Лицо Марии Федоровны выразило крайнее неудовольствие. Ее считают сторонницей войны! Глупые игрушки для детей, которые никак не повзрослеют. А мужчины – дети, им нельзя давать заигрываться. Нищие, разоренные города, брошенные дороги… Война позволяет забыться. Но рано или поздно наступает отрезвление. Лучше рано. Такова ее философия.

– Друг мой, – вновь заговорила пожилая дама. – Вы помните, как погиб покойный государь?

Бенкендорф сглотнул. О подобных вещах не принято упоминать вслух.

– Его убили, когда он решил заключить союз с Бонапартом, – твердый подбородок Мария Федоровны задрожал. – Англия не позволит России выйти из большой войны. Здесь многие опутаны ее золотыми нитями. Да и своих дураков хватает! Лишь бы кричать «ура» и убивать людей.

Мария Федоровна взяла платок и против ожидания вытерла не глаза, а лоб. Она уже страдала внезапными приливами жара, но все еще выглядела цветущей. Какая кожа! Какие руки! Будто на мрамор натянули белую шелковую перчатку. Ей-богу, с этой дамой еще и сегодня не стыдно было бы пуститься в амуры. Но при этом какая репутация! Белее молока, чище кружевной скатерти.

– Итак, Сашхен, вы хотите объяснений? Получите их, – сухо проговорила покровительница. – Государь все знает. Надо быть очень наивным, чтобы думать, будто мой сын, – она возвела глаза горе, – может хоть на минуту выпустить правду из виду. Он поедет на переговоры и будет торговаться. Поверьте, дипломатия – сильная сторона его способностей.

От Бенкендорфа не укрылась гордость, с которой императрица-мать говорила о своем первенце. А ведь иной раз можно подумать, будто они враги.

– Но, – Мария Федоровна вздохнула, – везде есть горячие головы. Нельзя допустить, чтобы в такой опасный момент против государя созрел заговор… Они уже перебирают моих детей! Кто следующий займет трон! – Щеки пожилой дамы вспыхнули румянцем негодования. – А ведь Константин – трус. Вы домашний человек, вам я могу сказать правду.

Бенкендорф предпочел бы не слышать подобных характеристик. Потом ему же поставят в вину минутное чистосердечие государыни.

– Только Александр выведет нас, – твердо заключила она. – Мой сын Александр.

Повисла пауза. От всего сказанного ситуация не становилась яснее.

– И вот я, – терпеливо начала разжевывать вдовствующая императрица, – принимаю на себя роль сторонницы войны. Машу флагами.

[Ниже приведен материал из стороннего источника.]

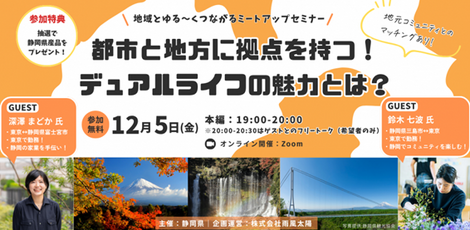 ■12月5日(金)「都市と地方に拠点を持つ!デュアルライフの魅力とは?」セミナーの詳細・お申し込みはこちら⇩
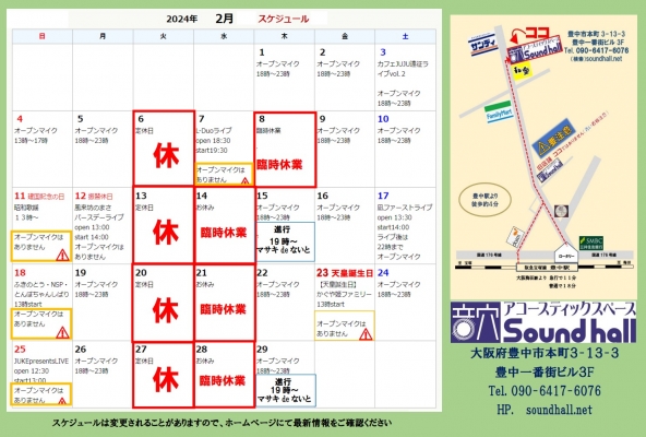 <2024年2月スケジュール>スケジュールは変更されることがあります。web等々で最新情報をご確認ください m(..)m...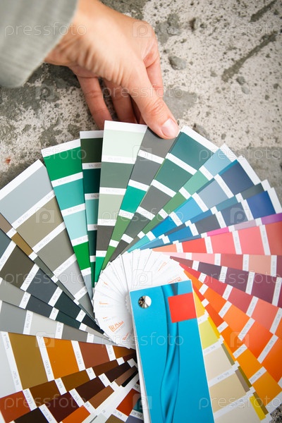 Подбор цвета краски для декоративного ремонта дома по палитре с макетами. Вентилятор оттенков в руке внутри дома. Ремонтно-строительные, лакокрасочные покрытия
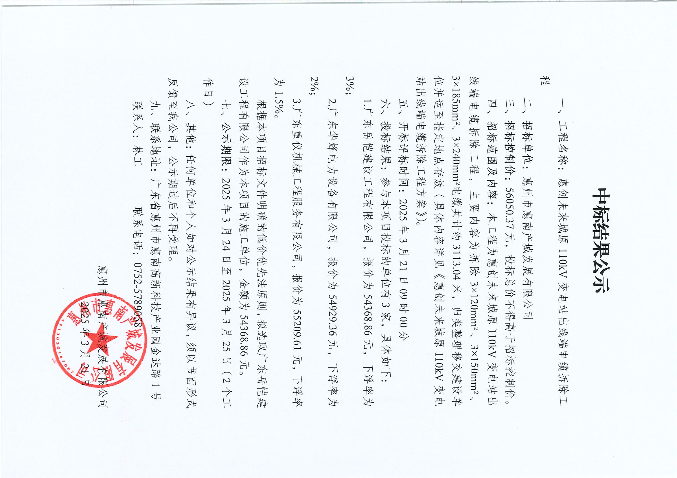 【中标结果公示】惠创未来城原110kV变电站出线端电缆拆除工程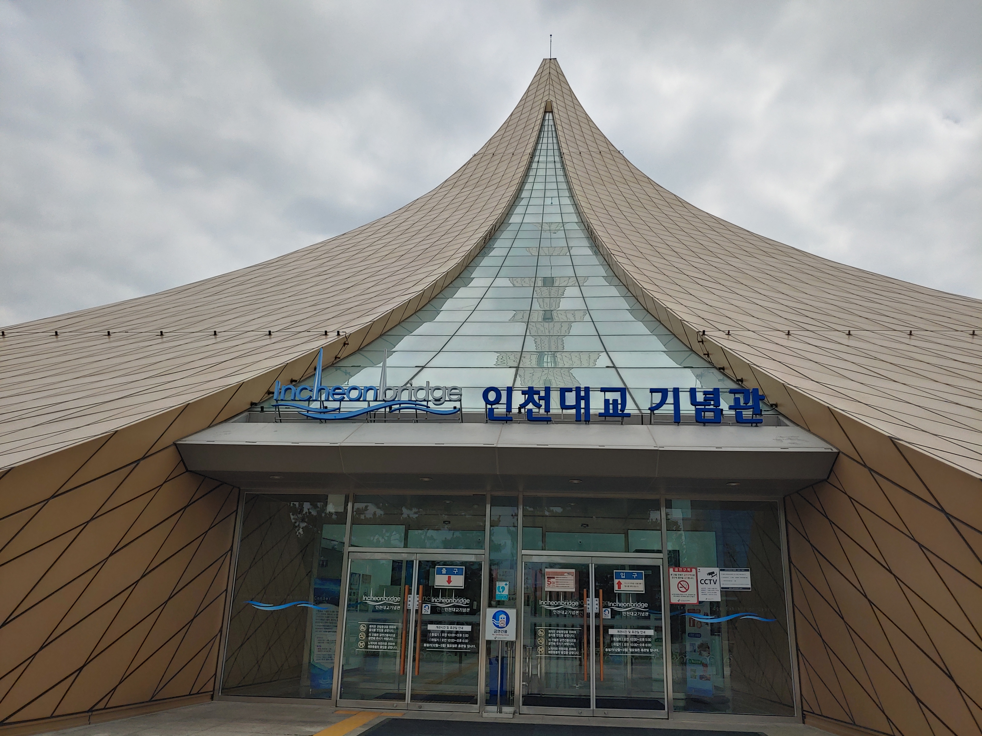 인천대교 건너면서 보이는 독특한 외관의 건물이 있길래 저긴 어딜까 했더니 인천대교 기념관이더라구요
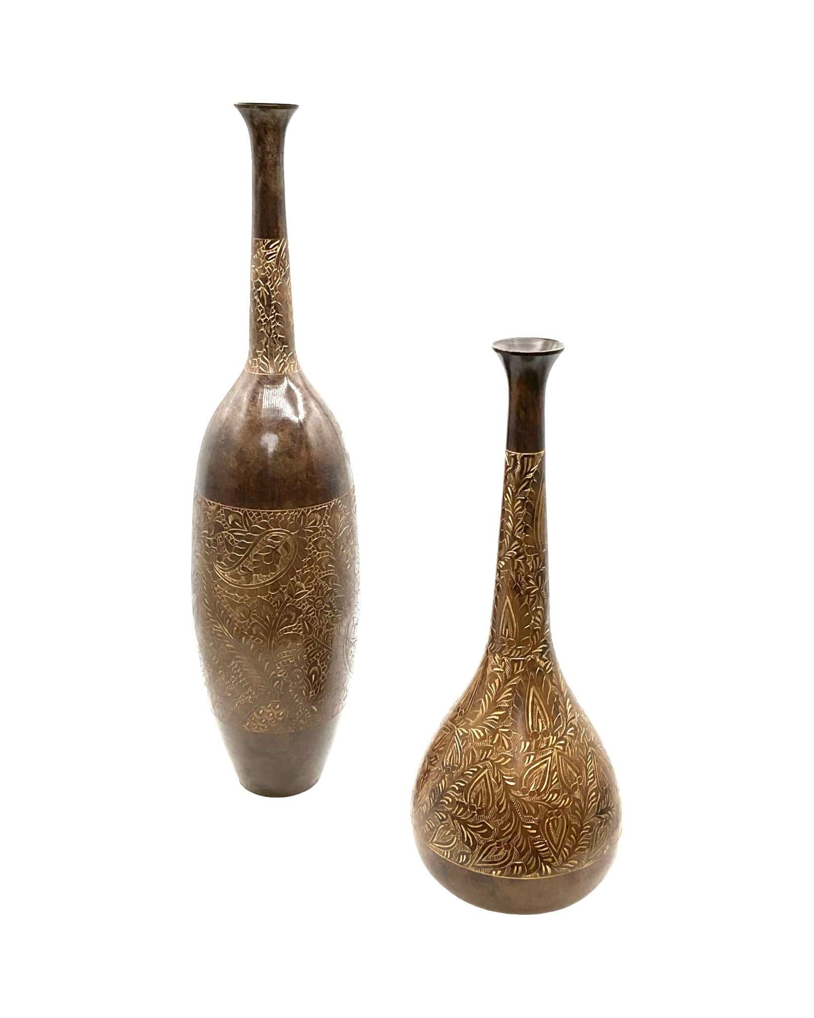 Set of 2 Vases metal hand etched floral detailing

Затем, чтобы тайные заговорщики решили, будто возле меня, в моем кругу, можно заявлять недовольство открыто, без последствий. Теперь они уже все известны. Все наперечет. А я лишь раскидываю сети шире. И кто мне попадается? Вы, Сашхен! Вы!

Мария Федоровна замолчала. Ее воспитанник был раздавлен.

– Делайте, что вам говорят, – с ласковым упреком произнесла царица. – Я сама скажу вам, когда вы будете готовы для большой игры.

В тот момент казалось: никогда.

Вдовствующая императрица встала и ободряюще похлопала воспитанника по плечу.

– Вы вскоре получите новое назначение. Состоять при посольстве в Париже. И кое-какие частные распоряжения от государя.

Полковник внутренне возмутился: он не дипломат! Все его последние поступки это только доказывали.

– Я полагал вернуться в армию. Мой теперешний командир граф Толстой…

– Граф Толстой назначен послом. Вы не разлучитесь.




Глава 2. «Le petite princes»


«Когда Август пьет, Польша пьянеет».

    Польская пословица

Белосток. Польша. Лето 1807 г.



Белосток – самый прекрасный замок на земле. Желто-розовый сон среди кипени цветущего сада. Зеркала прудов и горбатые мостики у беседок, чьи мраморные ступени уходят прямо в холодную, серую глубину вод.

Бенкендорф вспомнил, что у его родителей не было свадебного путешествия. Едва венчавшись, они в 1782 году поехали сопровождать великокняжескую чету за границу. Такая честь! Вена, Рим, Неаполь, Париж… Но отец уверял, будто ни в Версале, ни в Потсдаме он не встречал такой расточительной, такой обморочной роскоши. Счастливого безумия. Золотого сна, во время которого Польша не сразу заметила, что ей пустили кровь. Так бывает, если сам часто отворяешь себе вены…

Теперь Александр Христофорович видел Белосток своими глазами. Тень былого величия. Крыло отлетевшей славы. Пепел был еще теплым.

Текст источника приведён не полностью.